Back in June I wrote about a lawsuit three women filed against Bill Cosby asserting that he and his agents had defamed them by announcing that their allegations of sexual assault were lies. One of the most interesting issues Cosby raised was whether he was entitled to protection under the "self-defense" doctrine — the idea that simply denying an accusation against you can't be defamatory. After an unusually lengthy delay, a federal judge in Massachusetts has denied Cosby's motions to dismiss, letting the defamation claims move towards trial.
The judge's order is lengthy, but well-written and an excellent example of a judge thoughtfully addressing a complex multi-factor issue. The order touches on numerous defamation-related doctrines and makes some points worth noting if you're interested in free speech litigation.
Choice of Law
The defamation suit against Cosby is premised on diversity jurisdiction. That is, it does not assert federal claims, but is between residents of different states and has an amount in controversy of at least $75,000. Federal law applies to federal claims, state law (generally) applies to state claims. But which state law? Usually it's the state in which the federal court sits. But this case raises one of the exceptions. Here the court applied a rule that in a defamation case, a federal court will apply the law of the state where the plaintiff lived, if the defamatory statement was published there. That adds strategic complexity to defamation suits filed in federal court under diversity jurisdiction. Different states have different laws applying to defamation (for instance, different statutes of limitations), and a plaintiff's attempt to choose a forum might be thwarted under this doctrine.
Single Publication Rule
One of the plaintiffs in this case sued Cosby based on statements his lawyers made in 2005 that the Washington Post reported in 2014. The 2005 statements would be outside the relevant statute of limitations; the 2014 article would be within it. Cosby sought to apply the "single publication rule" — the doctrine that a single publication of a statement yields only one defamation claim. Put another way, a defamatory book that sells 10,000 copies represents one defamation claim, not 10,000. Cosby argued that under this rule the 2014 statement should be treated as merely another iteration of the 2005 statement, and thus outside the statute of limitations. The court disagreed, finding that the plaintiff had stated facts sufficiently to assert that Cosby's agent caused the statement to be repeated in 2014, and that such a repetition was actionable. This demonstrates the limits of the single publication rule; it may not protect republications caused by a defendant.
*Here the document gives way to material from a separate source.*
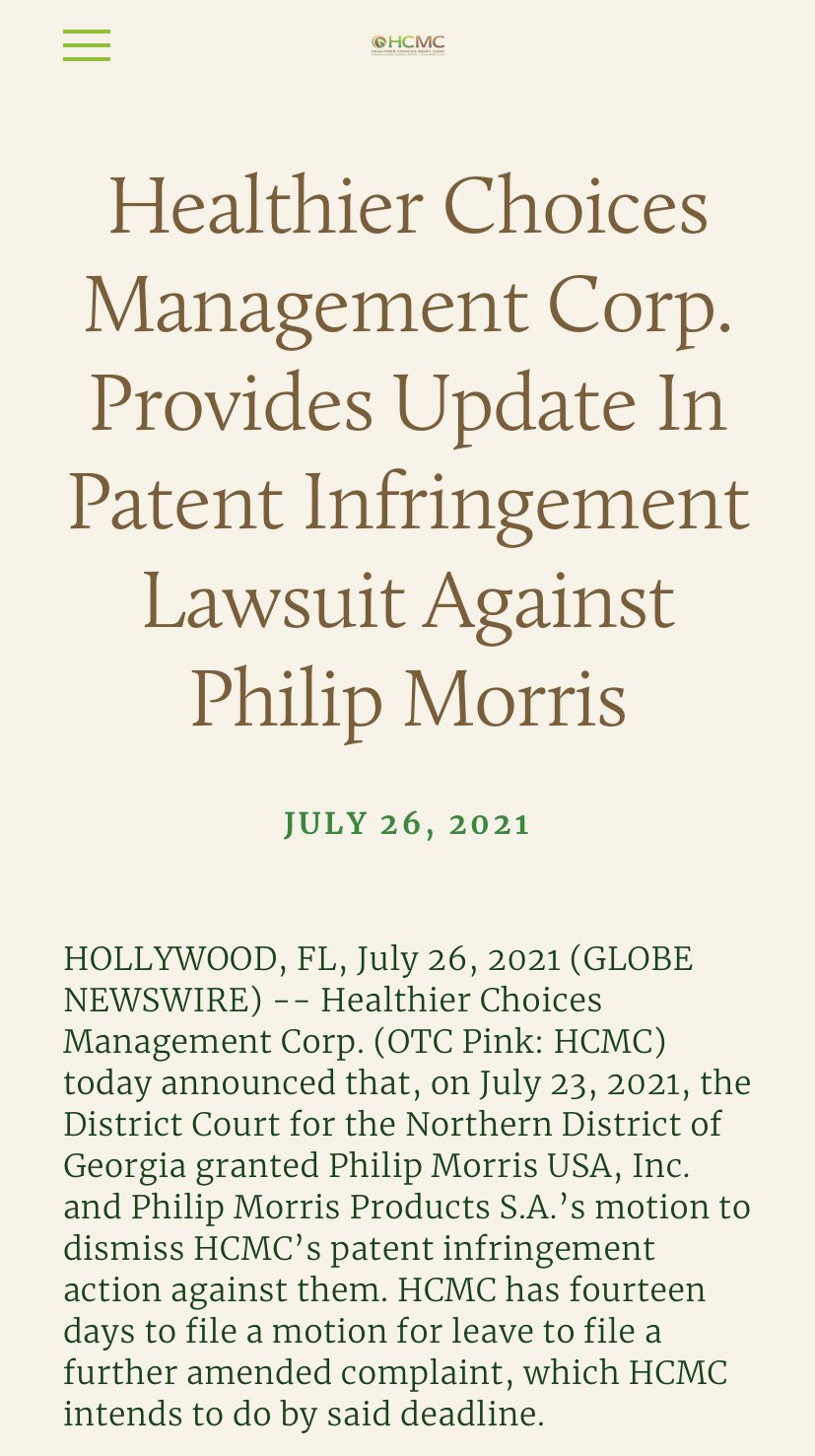 . Rooms Rankings Earnings Newsletters. Healthier Choices Management Corp HCMC is a US-based publicly-traded company specializing in providing consumers with healthier alternatives to everyday. I have almost 1mil shares and will sell at least 200k if it hits 10.

Analysis of Fact vs. Opinion
Next the court analyzed whether the plaintiffs had pled facts showing potentially defamatory statements — that is, whether they had cited provably false statements of fact rather than opinion.
First, applying the law of California — where the plaintiff in question lived at the the court found that the statement "this is a 10-year-old, discredited accusation that proved to be nothing at the time, and is still nothing" is potentially defamatory because it suggests (incorrectly) that the plaintiff's allegation had been disproved in some legal proceeding. In doing so the court rejected Cosby's attempted application of the so-called "predictable opinion" doctrine, under which California courts have found that certain statements should be taken as opinion because they are made in the context of responding to litigation-related allegations. The idea is that everyone expects, and reasonably understands, that people embroiled in litigation will utter opinions that they are right and the other side is wrong. The court declined to apply that doctrine outside the context of pending litigation. In doing so, the court noted that the statement was not couched in figurative language or hyperbole, which could have undercut the impression that it was meant to be factual.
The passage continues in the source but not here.